Moebius: The Orb of Celestial Harmony is a video game produced by Origin Systems and designed by Greg Malone. It was originally released in 1985 for the Apple II. Versions were also released for the Amiga, Atari ST, Commodore 64, Macintosh, and MS-DOS. The game is primarily a top-down view tile-based role-playing video game, but it has action-based combat sequences which use a side view, roughly similar to games such as Karateka.

Origin Systems produced a sequel to the game, Windwalker.

==Gameplay==
The player's objective, as a disciple of the Headmaster, is to recover the Orb of Celestial Harmony from the disciple-turned-badguy Kaimen. To do that, the player must train his body and soul in the best tradition of Chinese warriors: to "walk the path of Moebius the Windwalker." The action takes place on the four Elemental planes of Earth, Water, Air and Fire, which the player must traverse in order to recover the Orb. Although gameplay is similar to standard RPGs, there are some differences: in addition to familiar character statistics such as dexterity, the players also has karma, a crucial attribute that goes up or down constantly depending on his deeds. Frighten a citizen with a sword, and the karma will drop; defeat monsters in battle, and it will rise. Combat is also played in a 2D side-scrolling view similar to fighting games, having a wide range of attacks to use, even including shurikens and fireballs if the character is experienced enough.

==Reception==
COMPUTE! called Moebius "yet another program worth raving about" from Origin, and a worthy followup to Ultima IV. It stated that the game had excellent graphics, "challenging and functional" arcade combat, and "many hours of enjoyment" from the puzzles. Computer Gaming World stated in 1986 that the game was "sort of an outgrowth or continuation of the best parts of Ultima with special emphasis on graphic detail ... The addition of a fully animated combat system was frosting on the cake". The magazine's Charles Ardai stated in 1987 that the martial-arts and RPG portions of Moebius "don't fit together very well, but each is individually enjoyable". Info gave the Commodore 64 version three stars out of five, stating that the "ambitious game ... has a decent storyline and the action is challenging". The magazine criticized Moebiuss "Apple conversionitis, with blocky graphics, jerky animation, and a clumsy keyboard user interface". The game was reviewed in 1989 in Dragon #141 by Hartley, Patricia, and Kirk Lesser in "The Role of Computers" column. The reviewers gave the game 4½ out of 5 stars.

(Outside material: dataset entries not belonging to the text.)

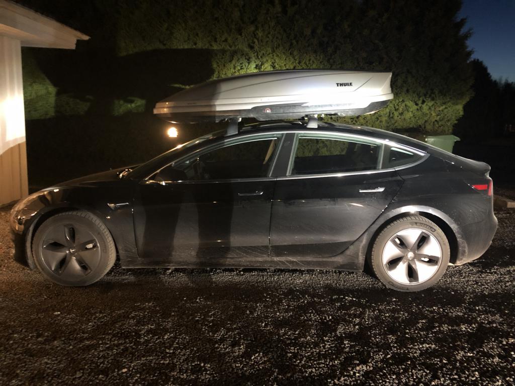 Hittade även denna video på en Tesla takräcksinstallation där en Thule takbox sätts på i slutet av filmen. Finns även en del 2 av videon där förbrukningen analyseras (utan takräcke, enbart takräcke, takräcke + takbox).
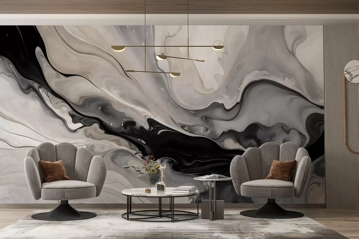 Carta da parati Pittura astratta a texture fluida nei toni del nero, del bianco, del grigio e del beige imitazione marmo nr. w09160
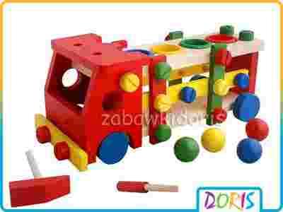 Drewniane Autko Samochód do rozkręcania+ narzędzia
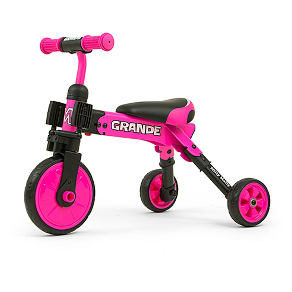 Kompaktní dětská šlapací tříkolka Milly Mally 2v1 Grande je ideálním řešením pro děti, které se právě začínají učí jezdit na kole a přitom ještě nejsou schopné udržet rovnováhu na dvou kolech. Je vyrobena z kvalitních a odolných materiálů a je ideální na procházky. Velkou výhodou této tříkolky je snadná montáž pedálů a nebo snadné složení celé tříkolky. Pěnová kola výborně absorbují rázy, poskytují dobrou přilnavost, zajistí pohodlí během jízdy a neunaví vašeho malého závodníka. Doraz nedovolí přetočení řídítek.
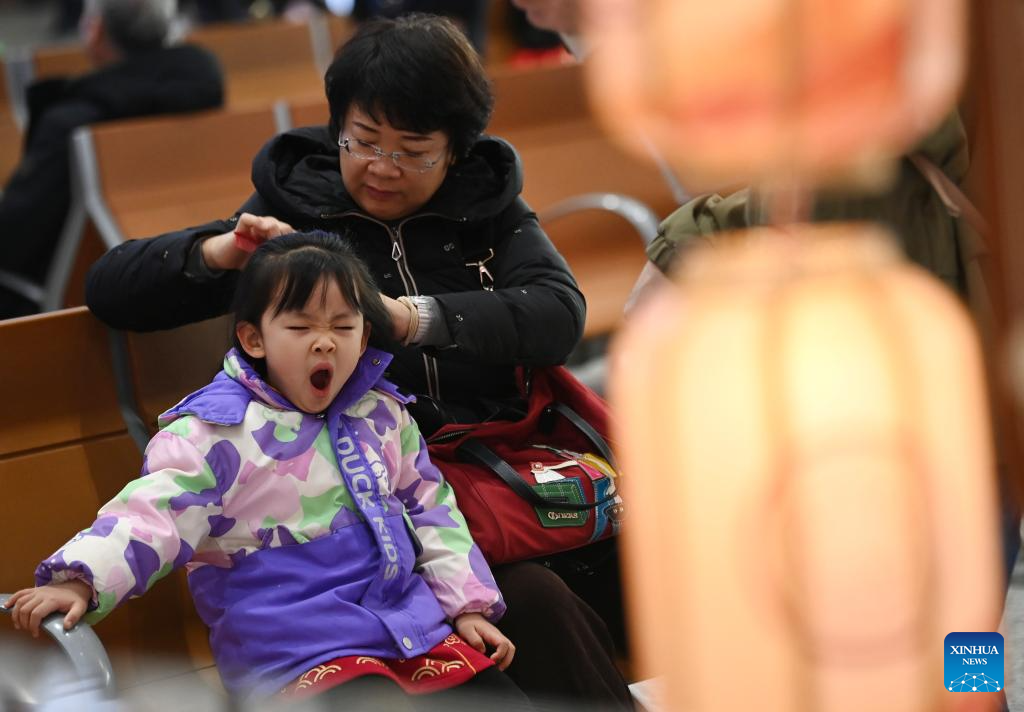 A woman combs a girl's hair at the departure hall of Xi'an Railway Station in Xi'an, northwest China's Shaanxi Province, Feb. 2, 2026. (Xinhua/Li Yibo)
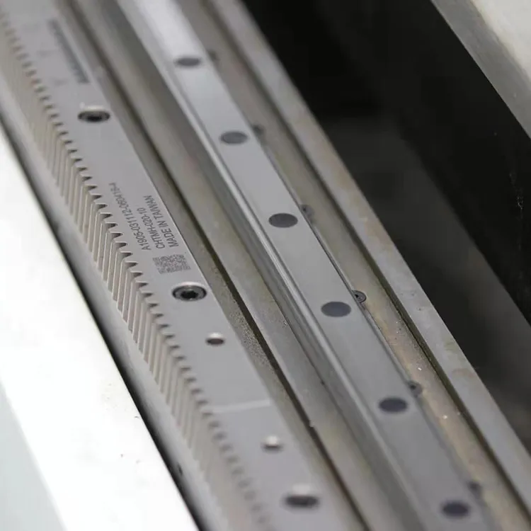 Для перемещения по осям Х и Y на станке используется шестерня и косозубая рейка. Это решение позволяет добиться высоких скоростных показателей без потери точности обработки.
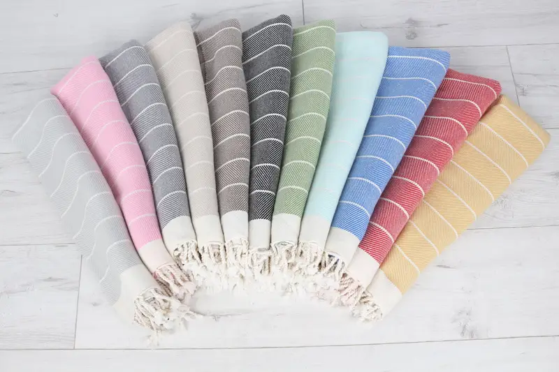 Kişiye Özel Türk Pamuk Plaj Havlusu Balıksırtı, Bej, 40x71 İnç

Steve Fuelleman reviewed Moebius: The Orb of Celestial Harmony in Space Gamer/Fantasy Gamer No. 78. Fuelleman commented that "Overall, the game is excellent, in spite of the graphic animation and frustrations of play, or perhaps because of them. They lend an interesting flavor to the game and keep you on your toes. The graphics are good, and the animation doesn't overshadow the plot. This one is a gem, and the flaws only add a little more fire to it. Not only a must have, but probably one you would like."